Co-existence and conflict in a changing forest landscape: A case study of Maskaure reindeer herding district

Detta är en Master-uppsats från Lunds universitet/Institutionen för kulturgeografi och ekonomisk geografi

Sammanfattning: Land use for reindeer husbandry and forestry are overlapping in large areas of northern Sweden. This co-location is characterized by dynamics in which the forest industry owns the land and the power to transform it, and the reindeer industry possesses a user-right for reindeer grazing and herding. During the last couple of years, critique towards the forest industry has grown louder, and reindeer-herding Sami people argue that their industry is made more difficult in the current form of the landscape. By drawing on tools from political economy, mobilizing landscape theory and the concept of access, this thesis critically investigates how the landscape is produced and reproduced by the practices of forestry, and how reindeer husbandry is affected by the changing form of the landscape. To analyze these dynamics in the concrete, the thesis conducts a case study of Maskaure reindeer herding district. Maskaure is a forest herding district in northern Sweden, at the border between Norrbotten and Västerbotten, whose pastoral practices and activities are negotiated by the landscape transformations which they live in, and produce in.
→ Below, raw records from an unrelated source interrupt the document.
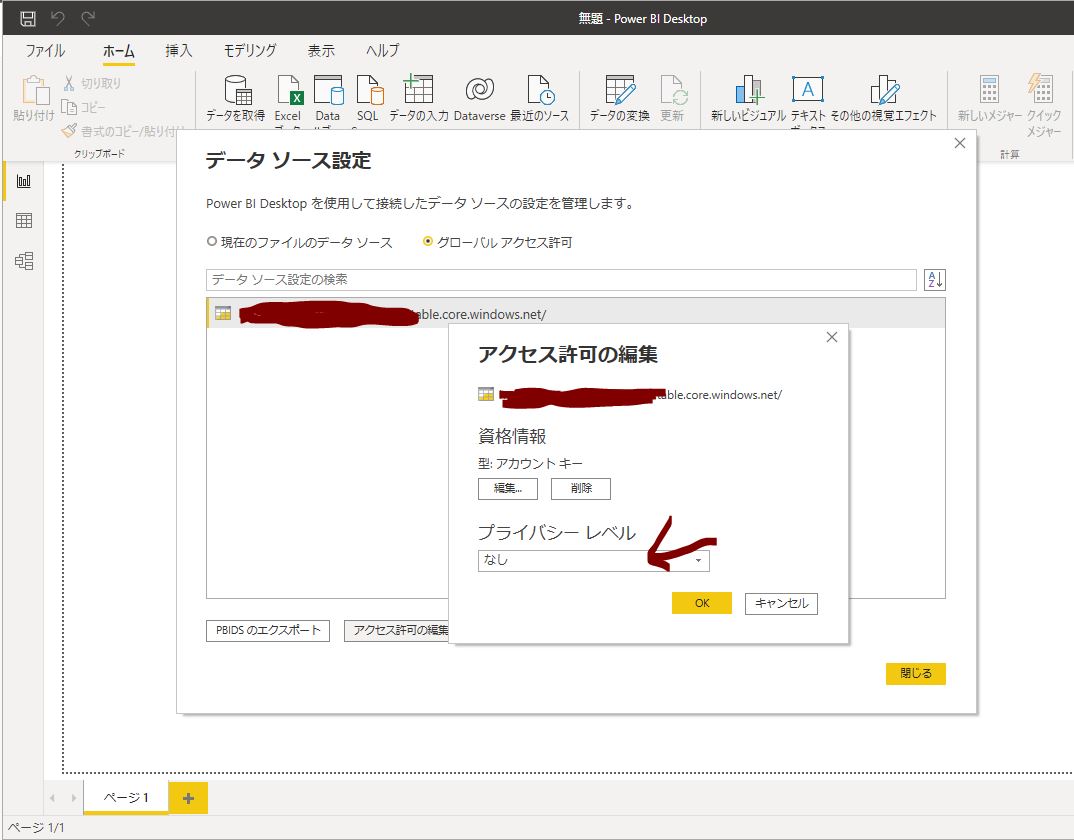 Power BI Desktopの「プライバシーレベル」の設定が不足しているために発生します。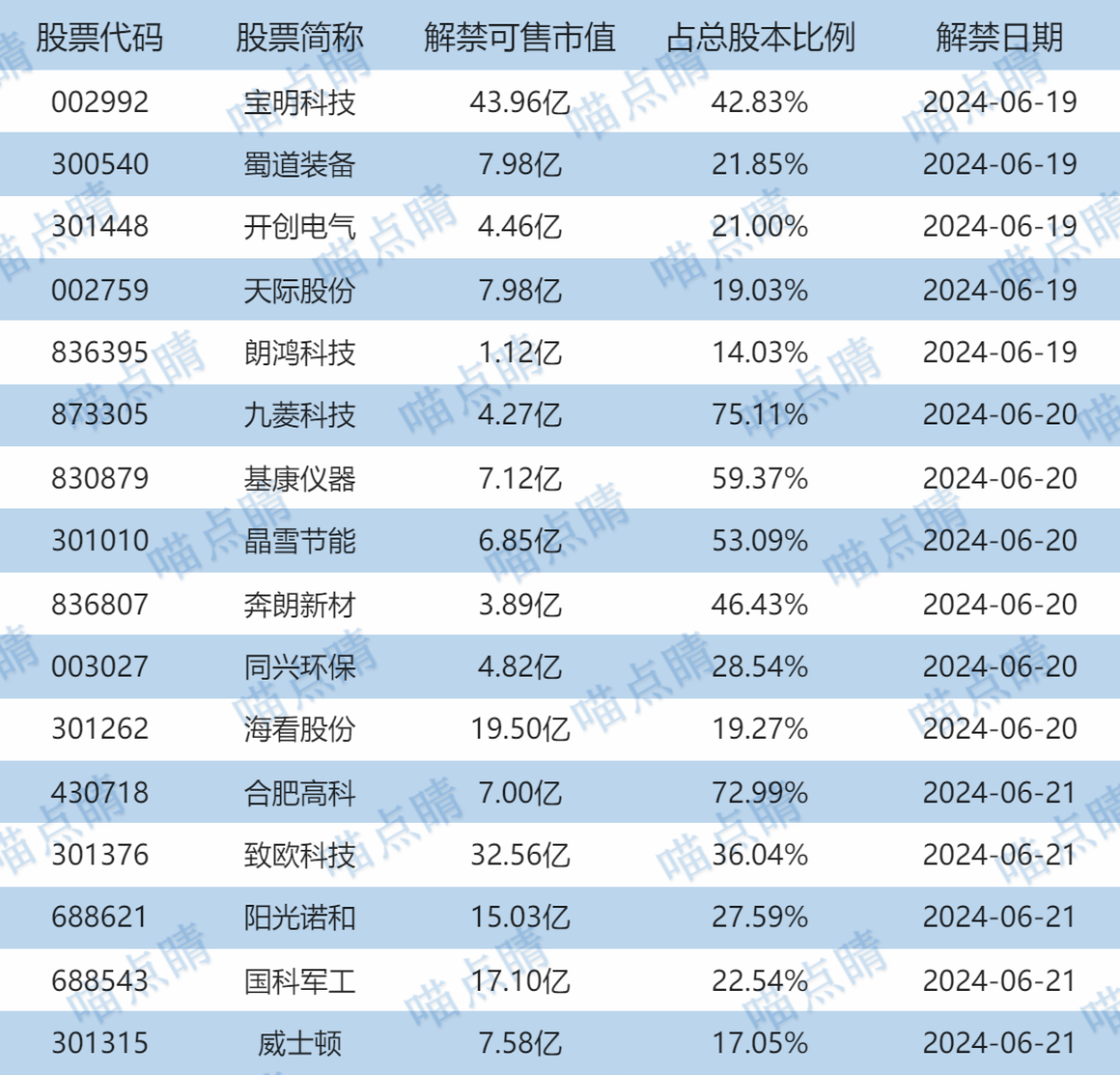 今天宝明科技、蜀道装备等有大额可售解禁。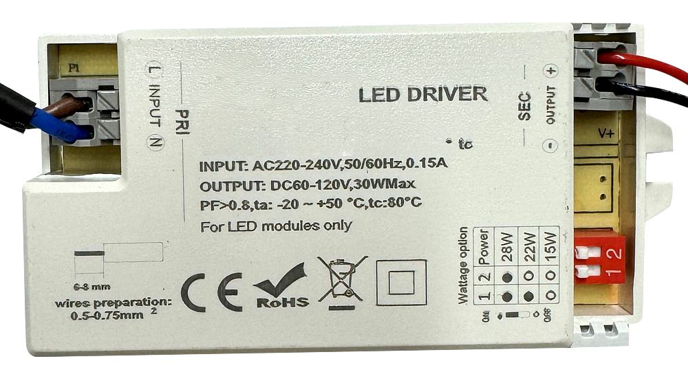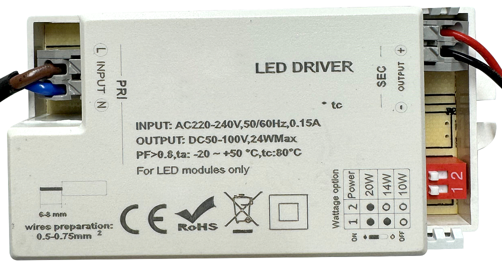 Driver LED à tension constante 0-30W 220-240 VAC /24VDC Gradable

Through fieldwork, semi-structured interviews, and secondary data, this thesis examines how the Maskaure landscape is produced by forestry, and how the herding district’s activities are affected, bounded, and negotiated by this form of the landscape. In extension, the thesis investigates how this affects the people who are living in and producing in this landscape. Clear-cutting, fertilization, soil preparation, and re-plantation of densely-growing, non-native tree species – are all interventions in the landscape that create an evenly aged, productive forest landscape, functional for profitable forestry today and in the future. These practices, combined with overlapping land pressures from fossil-free investments into the northern Swedish landscape, result in a spatially fragmented forest for reindeer husbandry. In addition, the political framework set up to protect Sami land use are insufficient in this task, resulting in the political power of the herding district being undermined. Due to these dynamics, reindeer herders are living and working in a landscape that gradually is functionally disintegrated for the purpose of reindeer husbandry. These processes entail that reindeer husbandry in Maskaure today is more difficult, and more expensive, compared to 10-20 years ago.